- Discipline: Men / Women
- Overall: Jon Åge Tyldum / Anne Briand
- Nations Cup: Italy / France
- Individual: Patrick Favre / Svetlana Paramygina
- Sprint: Ole Einar Bjørndalen / Anne Briand

Competition

= 1994–95 Biathlon World Cup =

Biathlon competition

The 1994–95 Biathlon World Cup was a multi-race tournament over a season of biathlon, organised by the International Biathlon Union.
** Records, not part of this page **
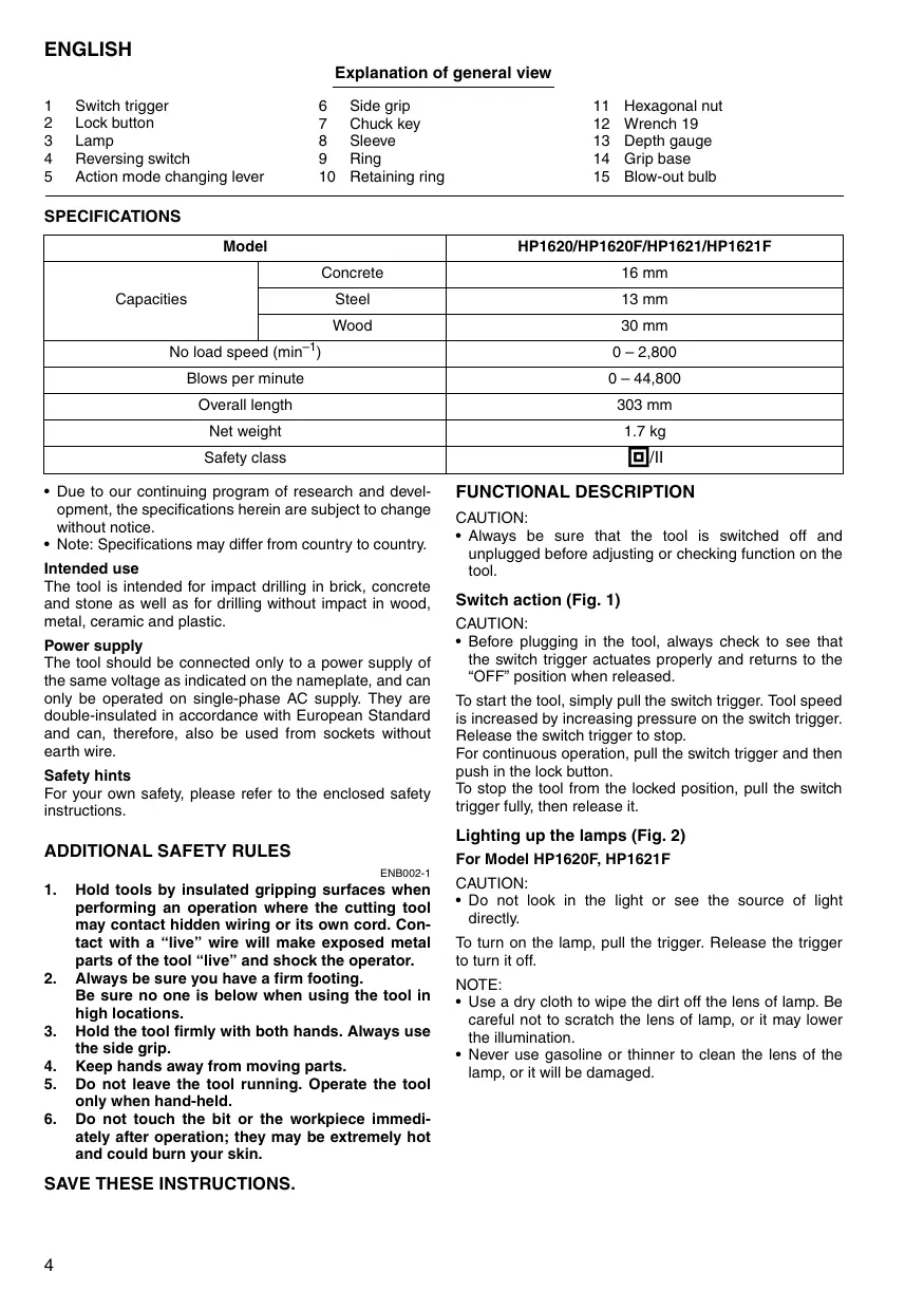 - Before plugging in the tool, always check to see that the switch trigger actuates properly and returns to the “OFF” position when released. To start the tool, simply pull the switch trigger. Tool speed is increased by increasing pressure on the switch trigger. Release the switch trigger to stop. For continuous operation, pull the switch trigger and then push in the lock button. To stop the tool from the locked position, pull the switch trigger fully, then release it. Lighting up the lamps (Fig. 2) For Model HP1620F, HP1621F ENB002-1
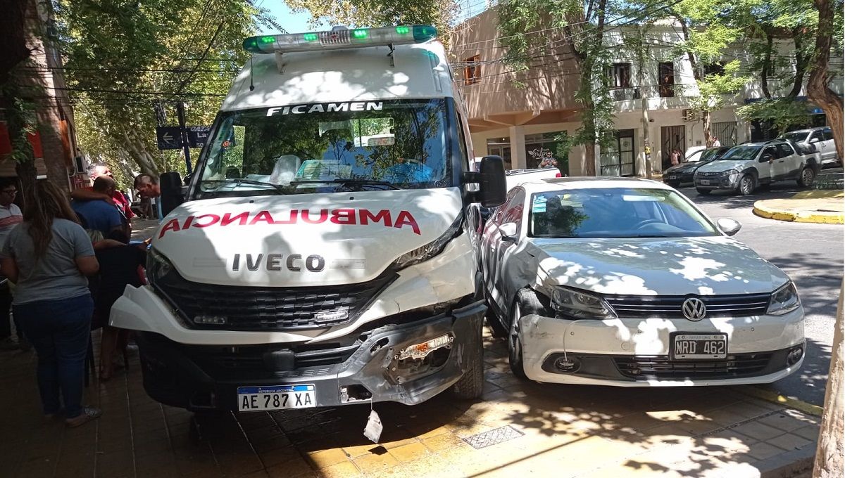 El accidente lo protagonizó una ambulancia del SMI y un Volkswagen Vento, en la intersección de calles Jujuy y Laprida. Por el fuerte impacto, ambos vehículos terminaron en la vereda.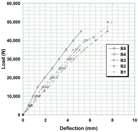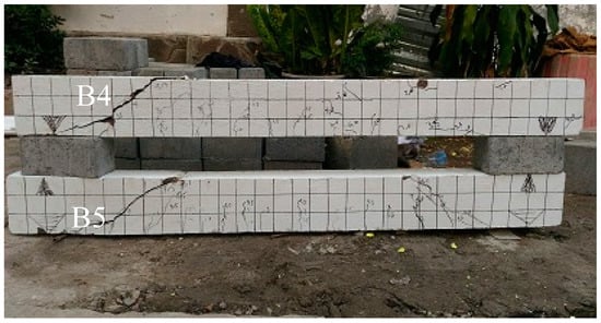 For the series I test, the cracking load was around 24%–47% of their ultimate load whereas for the series II test the cracking load was around 60%–65% of their ultimate load. However, due to the limited number of beams tested, it cannot be concluded that the sea environment increases the shear cracking load of geopolymer concrete. Further tests are needed to confirm this, despite some evidence to support this []. The shear strength of the GCB generally exceeded the predicted shear strength based on the ACI Code, except for specimen B4. The ultimate load of specimen B4 was only 82% of the ultimate load based on the ACI Code.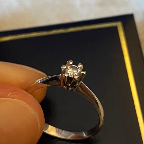 Et blikkfang av en ring som jeg har fått veldig mye komplimenter for. Selges billig fordi jeg fikk den av en eks og ikke bruker den lenger. (Ny mann, ny ring 🥰 )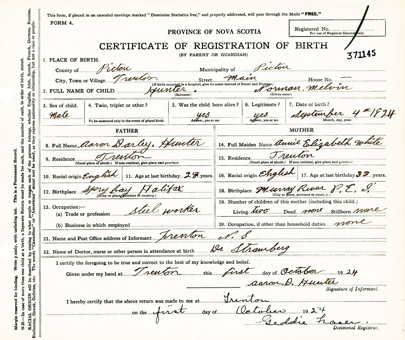 Male Birth Registration: Year: 1924 number: 37100145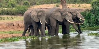 A few kilometres past the equator, we suddenly spot a family of elephants. We’re driving through Queen Elizabeth National Park which runs between Kasese and Kampala.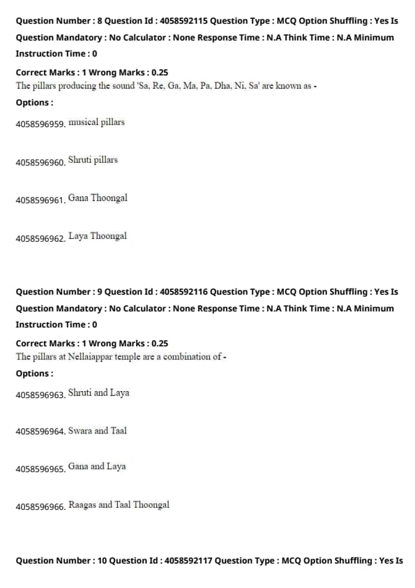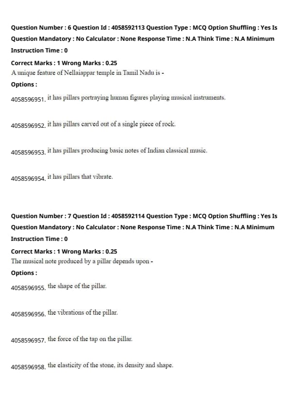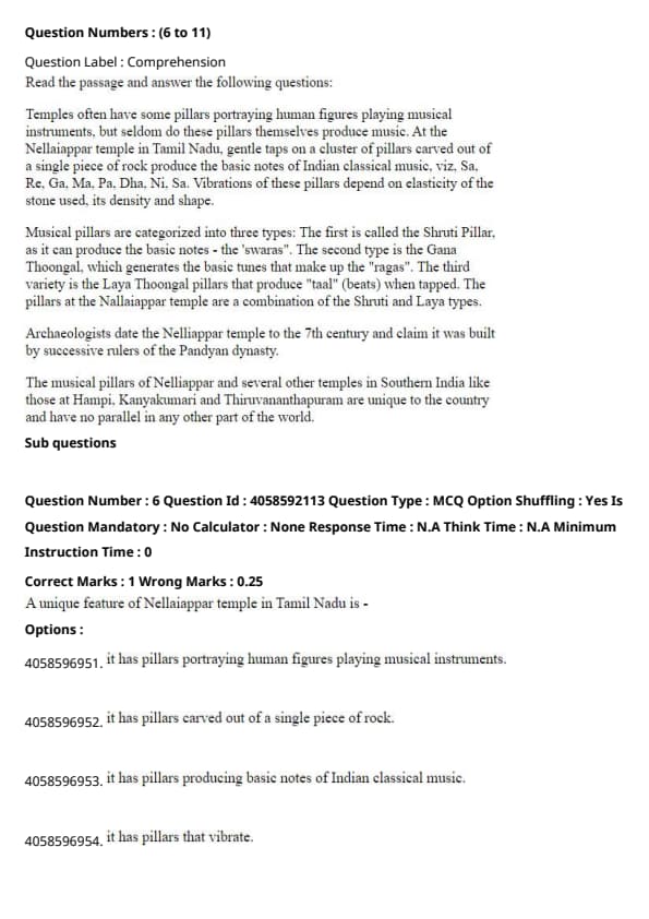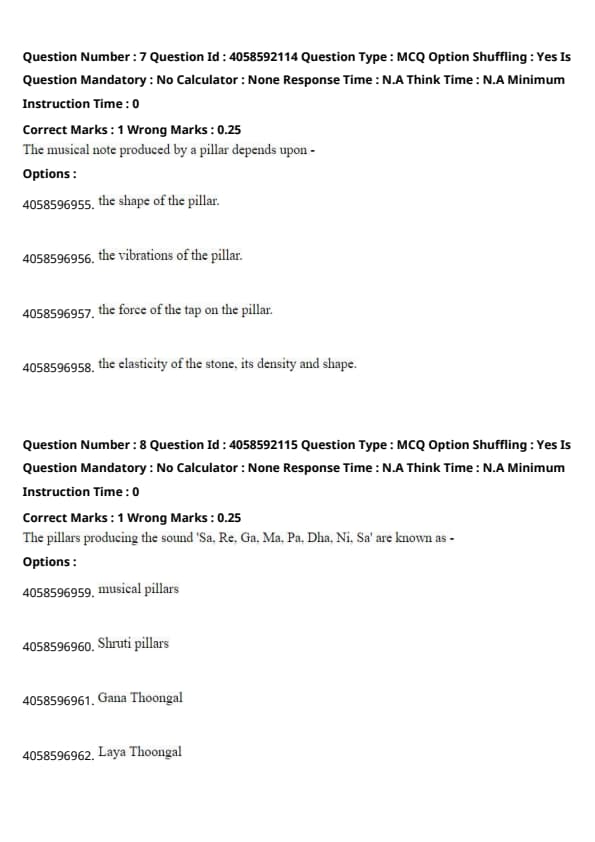 According to the passage, the sound produced by the pillars at the Nellaiappar temple depends on the elasticity of the stone, its density, and its shape, which influence the vibrations and the resulting musical notes. Quick Tip: In the study of acoustics, the material composition and structural characteristics significantly affect the sound quality and resonance of musical instruments.

The season started on 8 December 1994 in Bad Gastein, Austria, and ended on 19 March 1995 in Lillehammer, Norway. It was the 18th season of the Biathlon World Cup.

==Calendar==
Below is the IBU World Cup calendar for the 1994–95 season.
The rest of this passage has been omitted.